About RSA algorithm and threshold signature

[itachiliu]

The key parameters of RSA algorithm are P，Q and E, you create key by function func NewKey(bitSize int, k, l uint16, args *KeyMetaArgs) (shares KeyShareList, meta *KeyMeta, err error). Then I assign values to the args.Pand args.Q, recompile and run. The error occured： cannot create RRSig: pkcs11: 0xC0: CKR_SIGNATURE_INVALID. Retrying... I check this problem. I found that your main parameters are P, Q, E, Pr and Qr.They have relationship as follow:

*1. P = 2 Pr +1

2. Q= 2 * Qr +1
3. P, Q, Pr, Qr must be primes**

the question is the relationship between P and Pr(Q and Qr) is necessary？ Can I break the relationship？ If the answer is no，can you explain the effect of Pr and Qr (about threshold signature).

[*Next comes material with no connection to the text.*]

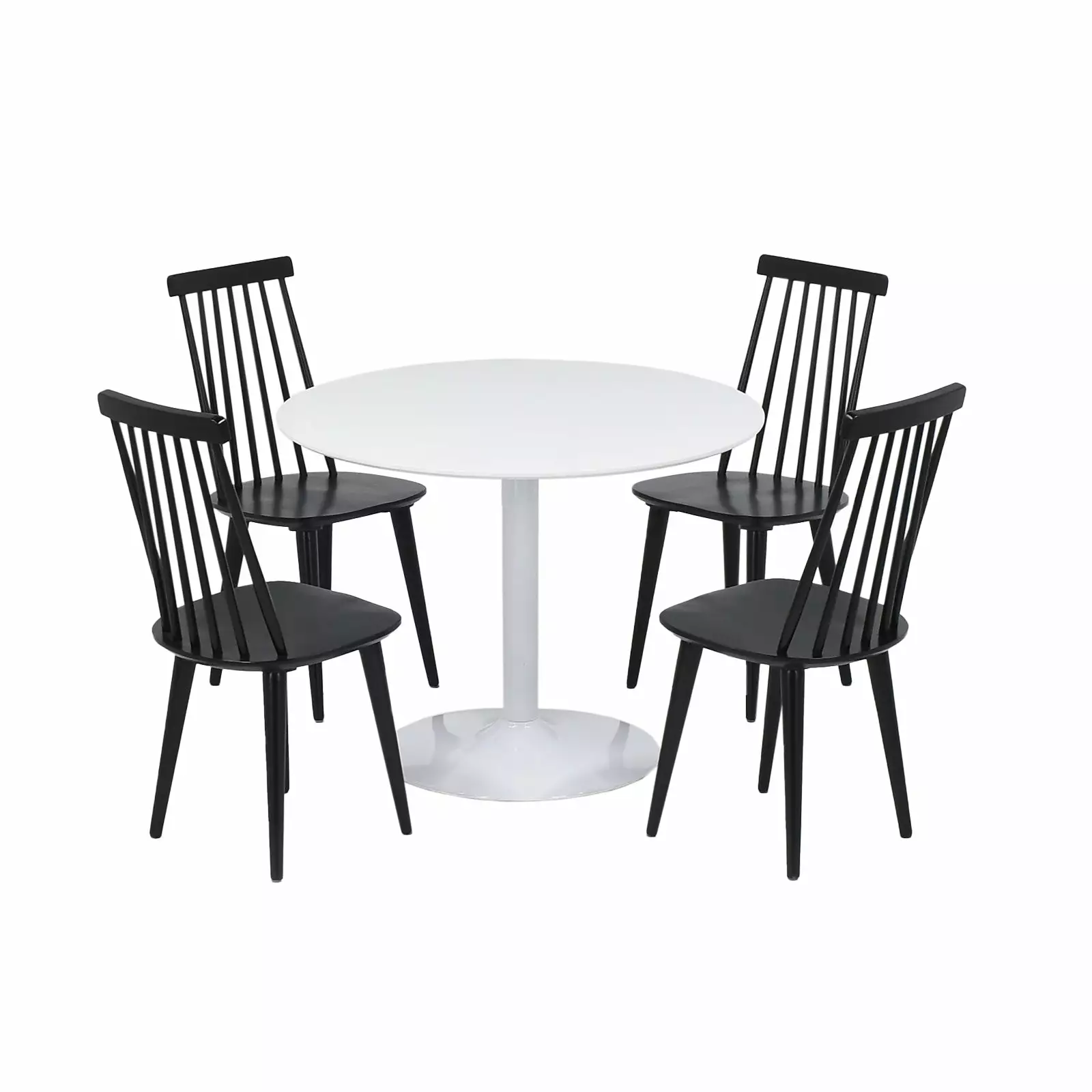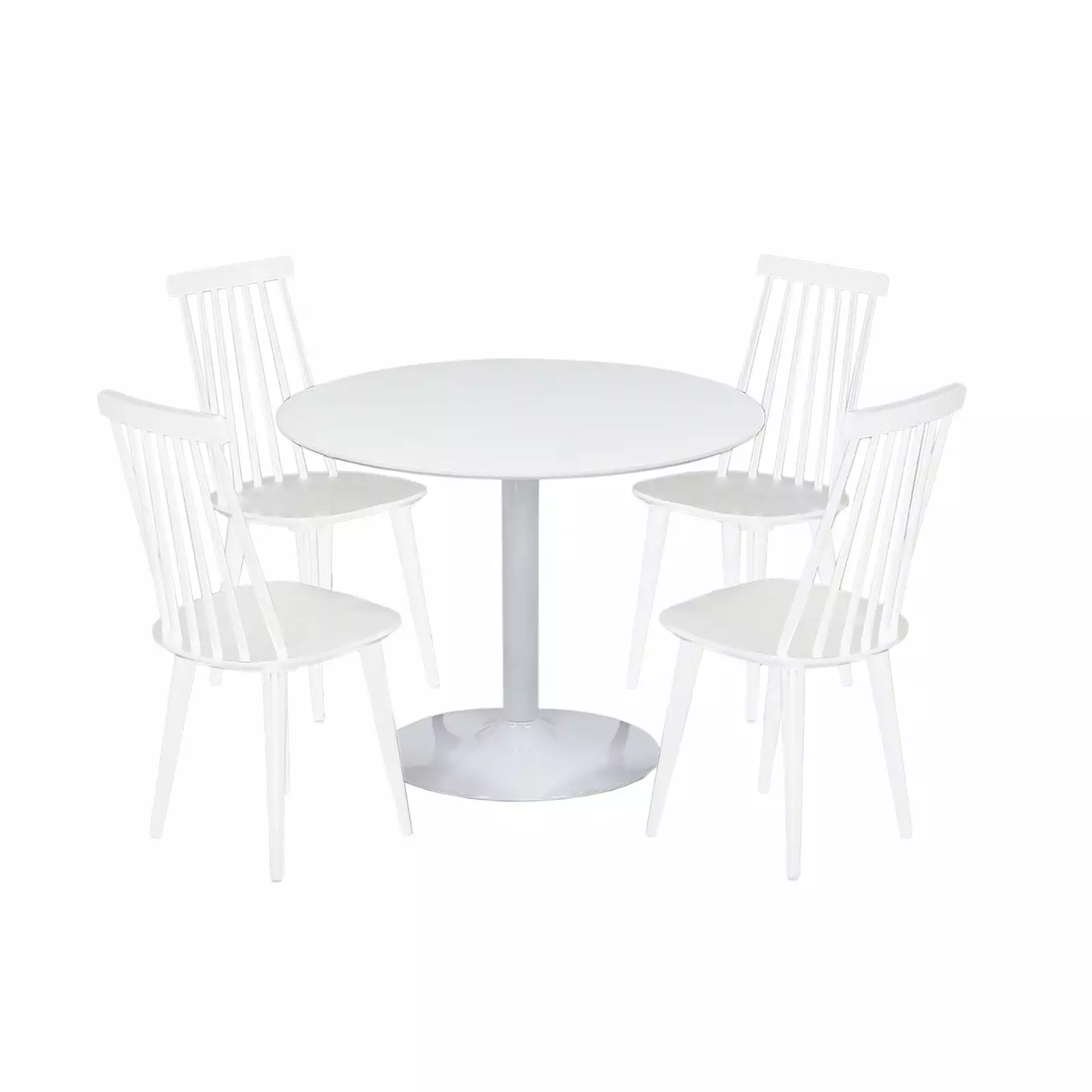 Laadukkaan City-pöydän kansi on maalattua mdf-huonekalulevyä ja pöydässä on metallinen trumpettijalka, joka antaa hyvin vakautta. Veeti-pinnatuolin materiaali on maalattua kumipuuta. Pyöreän City-ruokapöydän kannen halkaisija on 100 cm ja sen ääreen mahtuu hyvin 4 ruokapöydän tuolia. Valkoinen pöydän väri ja pelkistetty muoto luovat hillityn tyylikkään vaikutelman ruokaryhmälle – valinnan mukaan valkoisten tai mustien tuolien kanssa.

this is your code. My code as follows:

    …
    args.P , _ = new(big.Int).SetString("11412879881261784034341875847556879290386586673811980422472038049071203164497810274017917803536267218219969053848641800960281780069534399041656149390689081", 10)
    args.Q , _ = new(big.Int).SetString("11308172758222196531824125862641498135187285652645845194187882846704990728143368707278921853970069922413307739946193961641311362159501349419905193007290891", 10)
     if args.P != nil {
                if !args.P.ProbablyPrime(c) {
                        err = fmt.Errorf("p should be prime, but it's not")
                        return
                }
                p.Set(args.P)
                pr.Sub(p, big.NewInt(1)).Div(pr, big.NewInt(2))
        } else {
                if p, pr, err = generateSafePrimes(pPrimeSize, rand.Reader); err != nil {
                        return
                }
     }

     if args.Q != nil {
                if !args.Q.ProbablyPrime(c) {
                        err = fmt.Errorf("q should be prime, but it's not")
                        return
                }
                q.Set(args.Q)
                qr.Sub(q, big.NewInt(1)).Div(qr, big.NewInt(2))
        } else {
                if q, qr, err = generateSafePrimes(qPrimeSize, rand.Reader); err != nil {
                        return
                }
    }

    n.Mul(p, q)
    m.Mul(pr, qr)

    meta.PublicKey.N = n
    fmt.Println("meta.PublicKey.N:", meta.PublicKey.N)

    lBig.SetUint64(uint64(l))
    …

[eriverosr]

Hello,

According to Victor Schoup's paper (tcrsa is an implementation of that paper), you need an N composed by two large primes (P and Q), and each prime must satisfy the constraint that its value minus one and then halved is also prime (Pr and Qr in the code).

If you do not satisfy the constraint, you are not following the construction from the paper, and then you are exposed to the risk that your secret key could be insecure (I am not completely fluent on the topic, but I assume the probability of choosing a generator of a small subgroup for Z_m is considerably higher if Pr and Qr are not primes). In any case, I recommend you to check the paper and the construction of the cryptosystem to understand better why Pr and Qr should be primes.

[itachiliu]

Hello,

According to Victor Schoup's paper (tcrsa is an implementation of that paper), you need an N composed by two large primes (P and Q), and each prime must satisfy the constraint that its value minus one and then halved is also prime (Pr and Qr in the code).

If you do not satisfy the constraint, you are not following the construction from the paper, and then you are exposed to the risk that your secret key could be insecure (I am not completely fluent on the topic, but I assume the probability of choosing a generator of a small subgroup for Z_m is considerably higher if Pr and Qr are not primes). In any case, I recommend you to check the paper and the construction of the cryptosystem to understand better why Pr and Qr should be primes.

Thanks for your relay. I will read this paper.